The reason why the stack size increases is not obvious. I likely has to do with the localized object manager which is destroyed and EventHandlerTransaction() is called again in the destructor.

TODO:

bschmalhofer commented 2 months ago

Turns out that this is apparently caused by binmode which is called in the constructor of Kernel::System::Encode. Does likely not affect the web app, as binmode is only called when an interactive tty is attached. test_stack_size.pl.txt

The fix is to avoid recreating Kernel::System::Encode.

TODO:

bschmalhofer commented 2 months ago

The core dump issue looks like it is solved. Got about 300 kB Stacksize after importing 10000 tickets via the console command.

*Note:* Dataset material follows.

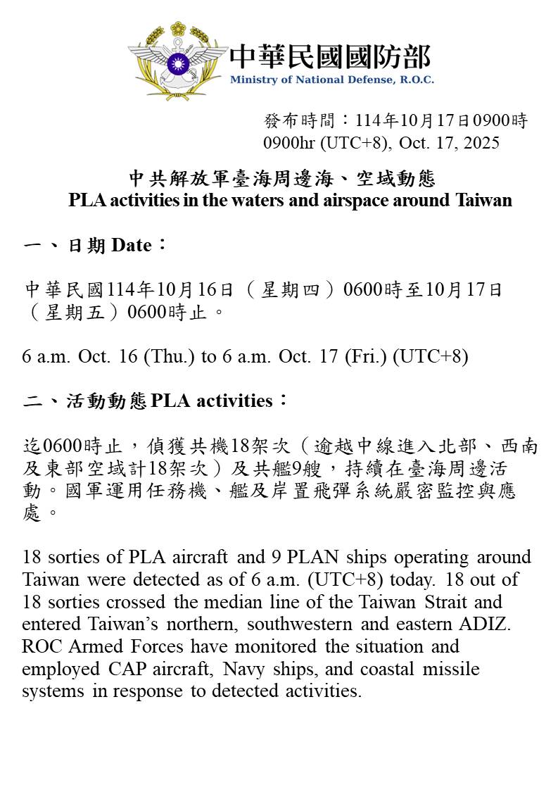 18 sorties of PLA aircraft and 9 PLAN ships operating around Taiwan were detected as of 6 a.m. (UTC+8) today. 18 out of 18 sorties crossed the median line of the Taiwan Strait and entered Taiwan’s northern, southwestern and eastern ADIZ. ROC Armed Forces have monitored the situation and employed CAP aircraft, Navy ships, and coastal missile systems in response to detected activities.

bschmalhofer commented 2 months ago

TODO:

bschmalhofer commented 2 months ago

Harald Jörg kindly analyzed the behavior of binmode, http://www.perl-community.de/bat/poard/thread/21619#ms_196692 . I/O work in Perl in layers, so every call to binmode adds a layer. This is more or less stated in https://perldoc.perl.org/PerlIO . So this is not a bug in Perl, but a consequence of the design.

bschmalhofer commented 2 months ago

ImportExportTicket has been integrated into OTOBO 11.1. Closing this issue.